But in classic hot stove form, Zimmermann’s and Fister’s names have emerged in trade rumors. And General Manager Mike Rizzo hasn’t denied that he would be open to listening to proposals on any of the many Nationals players approaching free agency if the offer was right. And there’s sound reasoning to do so: The Nationals could flip any of those players — Zimmermann is perhaps the most attractive because young top starters are hard to find — and fill a need by acquiring a major league middle infielder or prospect in return. The Nationals and Zimmermann have talked about long-terms extensions in the past and haven’t been close — all while the price for Zimmermann and starting pitching have gone up.
“[Zimmermann is] a key part of the team,” Rizzo said a week ago at the GM Meetings in Phoenix. “I would never say definitely [about trading him]. He’s a key part of the team. It would be a tough guy to move. But again, never say never because stranger things have happened.”
Earlier this week, Fox Sports’ Ken Rosenthal wondered if the Nationals could trade Zimmermann for Angels second baseman Howie Kendrick, who has one year left on his contract, and a reliever — and then they could make a play for a free agent starting pitcher such as Max Scherzer. The reasoning? If the Nationals feel like they can’t sign Zimmermann long-term, trading him would fill the second base need. And, Rizzo is intimately familiar with Scherzer and knows Scherzer’s agent, Scott Boras, well because of past dealings with Boras clients Jayson Werth, Strasburg, Bryce Harper and Anthony Rendon.
(This fantasy idea, however, would hinge on the 2015 payroll. If the Nationals bring back everyone from last season, it will be a team record. So moving Zimmermann’s $16.5 million salary would create room, but it could easily be taken up with the salary of the players they net in return from a trade and a potential free agent starter’s salary. Payroll considerations could be a big factor. Beyond 2015, however, the Nationals have relatively fewer payroll commitments on the books.)
Rizzo has long had an affinity for players he drafted during his tenure as the Diamondbacks’ scouting director. In his final draft in Arizona in 2006, Rizzo drafted Scherzer in the first round. Over the past two seaons, Scherzer has become an elite starting pitcher for the Tigers. The power right-hander won the American League Cy Young Award in 2013 with a 21-3 record, a 2.90 ERA, 144 ERA+ and 0.970 WHIP. This past season, he won 18 games, posted a 3.15 ERA, 127 ERA+ and 1.175 WHIP, and logged 200 innings for the second straight season. He has posted a double-digit strikeout rate in three consecutive years.
The Nationals had a chance to trade for Scherzer last winter, even asking about him, but didn’t acquire him. They realized instead that Fister was undervalued and focused on him, knowing he would be cheaper, he’d work well with the Nationals’ defense behind him and he would be under control for two years instead of one for Scherzer. But this winter offers a different dynamic because Scherzer is free to talk to any team.

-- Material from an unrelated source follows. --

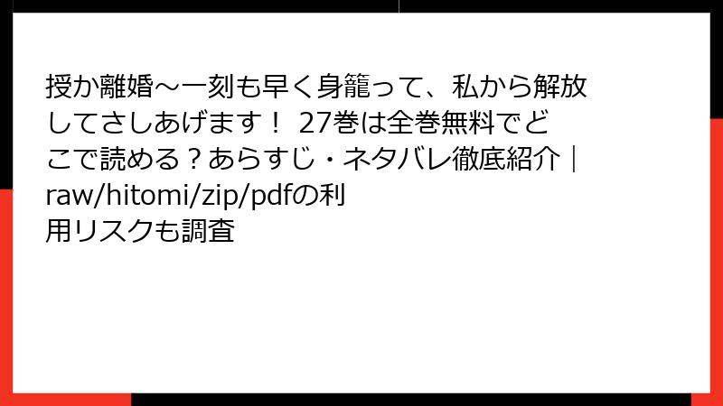 こんにちは、漫画ファンの皆さん! 人気のTLファンタジー漫画『授か離婚~一刻も早く身籠って、私から解放してさしあげます!』を楽しむために、rawやhitomi、zip、pdf、漫画バンクなどの海賊版サイトを利用しようと考えている方もいるかもしれません。しかし、これらのサイトは一見便利に見えますが、実は深刻なリスクが潜んでいます。この記事では、そんな海賊版サイトの利用がもたらす法的・セキュリティ・経済的な危険性を、ブログ形式で詳しく解説します。安全に漫画を楽しむための知識として、ぜひ参考にしてください。利用は絶対に避け、正規ルートをおすすめします!

Scherzer is 30 years old but has logged only 1,239 1/3 innings, relatively few given his age. Clayton Kershaw, for example, is 26 and has thrown 1,378 1/3 innings, while Felix Hernandez is two years old than him and has logged 2,060 2/3 innings. Scherzer is known as a cerebral pitcher whose velocity has held fairly steady over the years. And here’s a clue as how much he may command as a free agent this winter: He reportedly turned down a six-year, $144-million offer from the Tigers last season and Boras is surely shooting for at least that. The Yankees and Tigers have been linked to Scherzer.
As a point of comparison, a potential free agent contract for 28-year-old Zimmermann would perhaps begin with at least the six-year, $105 million deal the Reds gave Homer Bailey and fall closer to the contracts of Zack Greinke and Cole Hamels, who will make $147 million and $144 million over six years, respectively. The pitching prospect-rich Nationals, however, have also shied away from major long-term commitments to pitchers under Rizzo.
Again: This is all make-believe right now, a series of deductions and connections based on what is known about the Nationals. It’s a natural hot stove exercise to slap together names in fantasy winter trades ideas and link teams to free agents based on past histories, but teams — especially World Series contenders — rarely pull off blockbuster moves.
Ultimately, the Nationals have a lot to consider about 2015 and beyond, including payroll and what to do with the group of players nearing free agency, including two starters. Adding a free agent starting pitcher simply isn’t a priority.
“We feel comfortable with what he have right now,” Rizzo said last week. “We have not only five but are seven or eight deep. It’s not on the top of our wish list. Certainly things change, but I don’t see us being a player for a big free agent starter.”